Fit, healthy individuals are less likely to suffer from most medical conditions than unfit ones but there are possible risks involved with strenuous physical exercise.
It has been suggested that strenuous exercise causes the formation in the body of tiny gas bubbles called 'micronuclei' (Dervay et al, 2002). It takes several hours for these bubbles to disperse.
Age & Gender
There are conflicting studies showing the existence, or lack, of a relationship between a diver's age / gender and the incidence of decompression sickness. A study by the Armstrong Laboratory concluded that there is a three-fold increase in high altitude DCS in men over 42 years old compared to those aged 18-21. The reason for any increased risk in dive related DCS might be due to the distribution and amount of fat in the diver's body. 

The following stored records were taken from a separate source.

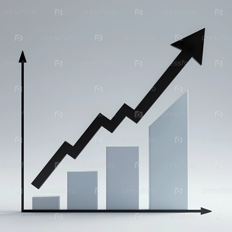 Визуально яркий график роста иллюстрирует впечатляющий рост показателей, с изящными строками и смелой стрелкой, указывающей вверх, символизирующей успех и улучшение Генеративный ИИ
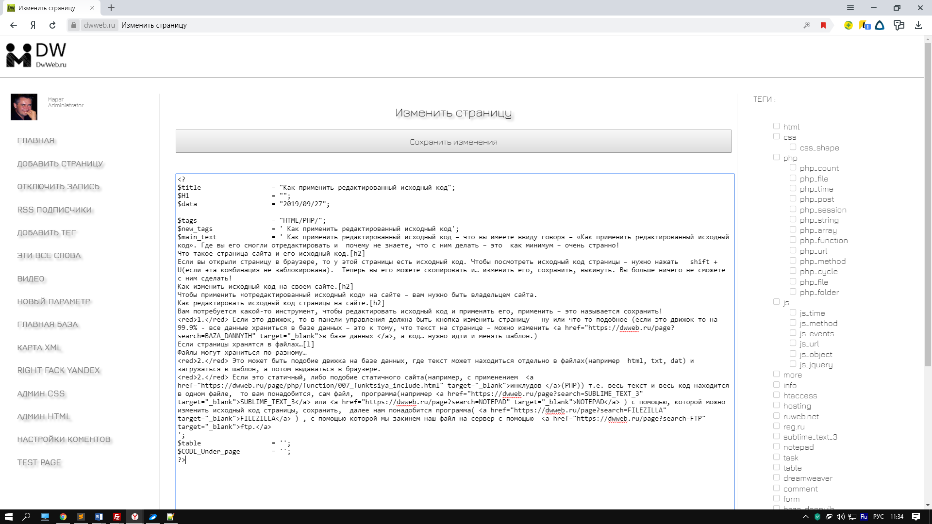 Сегодня, на момент редактирования данной страницы, весь текст выше данной строки, о редактировании сайта через браузер я написал 11.10.2019. , а все остальное было написано, еще при царе горохе!
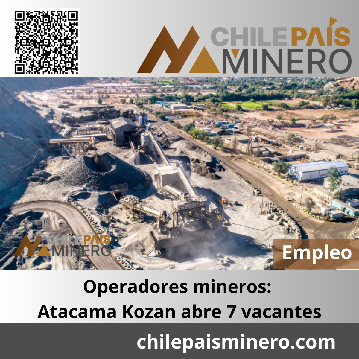 El mercado laboral minero en el norte del país continúa mostrando movimiento. S.C.M. Atacama Kozan abrió 7 oportunidades de empleo minero en Copiapó y Tierra Amarilla, orientadas a la operación de equipos especializados en desarrollo subterráneo y movimiento de material.
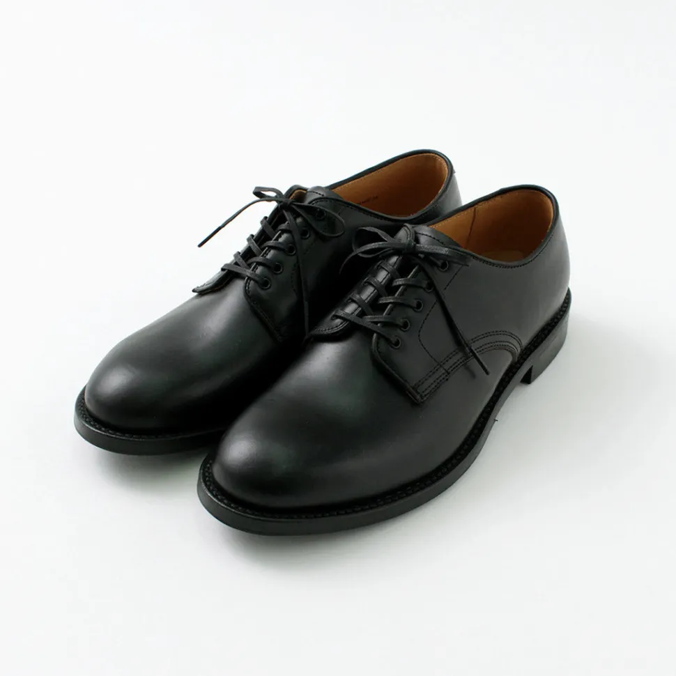 Derby shoes produced using a wooden pattern (#1228) based on the orthopedic shoe pattern produced by specialized technicians for the purpose of assisting the treatment and athletic function of the foot, with unique improvements.

Patent Foramen Ovale (PFO)
One of the most significant predisposing risk factors in DCS is a physical abnormality of the heart called Patent Foramen Ovale (PFO) - a small opening between the upper two chambers of the heart (atria).
Every unborn baby has a Foramen Ovale that allows blood already oxygenated by the mother's lungs to by-pass the baby's respiratory system. The opening usually seals up following birth.
If it remains open (patent) then it can cause a 'short circuit' of blood flow allowing bubbles to pass directly from the venous circulation to the brain through the heart, bypassing the filtering effect of the respiratory system.
PFO is present in about 25% of the general population and does not normally cause health problems. However, it affects up to 75% of those with 'unexplained' DCS (Kerut et al, 2001).
Although PFO increases the risk of decompression sickness, individuals with PFO do not necessarily develop symptoms. Also, those who have suffered an 'unexplained' case of DCS do not always have a PFO.
Because bubbles form more easily around physical imperfections, tissue damage (e.g. a ‘bad knee’) can lead to greater risk of bubble formation and DCS. The risk may also be increased due to localised changes in blood perfusion.
Previous DCS
Divers who have had previous occurrences of DCS are far more susceptible to the condition than those who have never had it. This is related to tissue damage caused by previous bubble formation, especially in the Central Nervous System, and pre-existing susceptibilty to the condition.
Some divers, when questioned following an incidence of DCS, reveal that they have possibly suffered ‘sub-clinical’ bends in the past – i.e. the symptoms at the time were not obviously manifested.
Cigarette smoke contains carbon monoxide (CO), which is a poison. This reduces the ability of the red blood cells to carry oxygen. Cigarette smoke also contains nicotine, which acts as a vasoconstrictor and may theoretically increase the risk of DCS due to altered blood perfusion.
Long term problems include chronic obstructive pulmonary disease (COPD) which leads to carbon dioxide (CO2) retention. This has been implicated as a factor in CNS oxygen toxicity. Smokers are also generally less healthy and are more prone to develop circulatory problems.